Those Pesky AIG Bonuses

By David Feldman at 18 March, 2009, 6:27 am

Unlike apparently pretty much the whole country, I have really mixed feelings about the $165 million in bonuses recently paid to AIG executives. I totally understand the outrage given that over $100 billion of your tax dollars have gone to save this “too big to fail” giant. And the fact that 11 people that have left the company got over $1 million each. No matter that this is less than 1/10 of 1% of the money we gave them.

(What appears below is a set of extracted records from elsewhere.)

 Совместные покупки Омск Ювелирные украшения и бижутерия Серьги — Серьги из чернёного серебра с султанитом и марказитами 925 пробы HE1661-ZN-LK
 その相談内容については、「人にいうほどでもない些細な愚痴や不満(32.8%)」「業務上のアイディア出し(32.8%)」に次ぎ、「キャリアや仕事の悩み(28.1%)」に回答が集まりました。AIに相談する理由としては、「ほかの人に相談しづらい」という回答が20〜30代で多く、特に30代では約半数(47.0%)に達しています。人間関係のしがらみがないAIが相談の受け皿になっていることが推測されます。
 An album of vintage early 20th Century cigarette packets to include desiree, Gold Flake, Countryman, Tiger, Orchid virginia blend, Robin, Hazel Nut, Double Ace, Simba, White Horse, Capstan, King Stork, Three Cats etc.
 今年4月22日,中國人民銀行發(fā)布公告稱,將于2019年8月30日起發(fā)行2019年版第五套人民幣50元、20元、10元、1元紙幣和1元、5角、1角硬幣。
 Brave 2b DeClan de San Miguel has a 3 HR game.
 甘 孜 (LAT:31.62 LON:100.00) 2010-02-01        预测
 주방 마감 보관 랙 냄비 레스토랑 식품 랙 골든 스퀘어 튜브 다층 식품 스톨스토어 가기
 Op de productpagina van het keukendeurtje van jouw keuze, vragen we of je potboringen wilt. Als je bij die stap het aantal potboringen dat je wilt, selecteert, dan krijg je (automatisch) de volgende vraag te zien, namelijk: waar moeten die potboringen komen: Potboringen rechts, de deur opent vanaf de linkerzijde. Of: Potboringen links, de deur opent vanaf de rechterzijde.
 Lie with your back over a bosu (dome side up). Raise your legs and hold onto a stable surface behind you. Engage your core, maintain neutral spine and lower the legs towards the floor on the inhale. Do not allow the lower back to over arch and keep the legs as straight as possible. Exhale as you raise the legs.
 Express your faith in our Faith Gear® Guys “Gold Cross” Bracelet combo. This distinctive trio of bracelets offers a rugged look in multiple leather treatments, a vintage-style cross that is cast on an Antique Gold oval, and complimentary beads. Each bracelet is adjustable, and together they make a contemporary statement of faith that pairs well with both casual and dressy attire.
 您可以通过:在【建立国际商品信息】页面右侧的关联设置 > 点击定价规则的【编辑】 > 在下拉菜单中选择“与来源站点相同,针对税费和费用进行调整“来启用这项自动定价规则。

But here’s the thing. They had contracts. The company was legally obligated to do this. Could/should they have tried to renegotiate? With what leverage? Refuse to pay and force the employees to sue? I have worked with labor and employment lawyers, it is a really not good thing when an employer is taken to court over failing to pay compensation. Threaten to fire them? Again, I’m pretty sure that has labor law connotations, plus a bunch of them left anyway, so not sure that would have helped. About the only thing that might have permitted a change would be bankruptcy court, but even then employee compensation is usually one of the last things the bankruptcy court looks to change.

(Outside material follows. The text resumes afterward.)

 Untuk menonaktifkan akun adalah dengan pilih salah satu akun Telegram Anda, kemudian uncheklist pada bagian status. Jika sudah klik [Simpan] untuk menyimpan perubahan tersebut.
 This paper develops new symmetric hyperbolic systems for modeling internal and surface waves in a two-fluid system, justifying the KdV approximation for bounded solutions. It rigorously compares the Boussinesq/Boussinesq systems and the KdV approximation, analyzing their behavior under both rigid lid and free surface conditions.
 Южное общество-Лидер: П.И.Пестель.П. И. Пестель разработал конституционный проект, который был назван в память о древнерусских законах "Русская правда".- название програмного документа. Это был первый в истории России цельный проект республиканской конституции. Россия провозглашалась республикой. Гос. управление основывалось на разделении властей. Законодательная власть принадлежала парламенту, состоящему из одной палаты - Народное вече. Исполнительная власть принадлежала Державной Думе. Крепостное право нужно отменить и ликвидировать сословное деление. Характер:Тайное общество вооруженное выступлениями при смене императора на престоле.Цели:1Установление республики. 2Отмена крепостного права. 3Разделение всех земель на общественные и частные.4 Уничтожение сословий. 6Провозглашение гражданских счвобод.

The President is angry at this “outrage” I think, in part, because his own Administration knew about it for a number of weeks, could have intervened before the payments were made, and did not. So he is trying “every legal avenue” to get the money back. There is even a bill going through Congress to tax the bonuses 100%! Of course this probably wouldn’t work on the many foreign people who received these bonuses.

I don’t think bankruptcy for some of these big companies necessarily means failing. It means reorganizing. Yesterday GM President Wagoner said that GM would liquidate if it filed for bankruptcy. It is not clear at all to me why this would have to be true. I think it may be time to cut our losses with AIG and let it play out without further bailout money.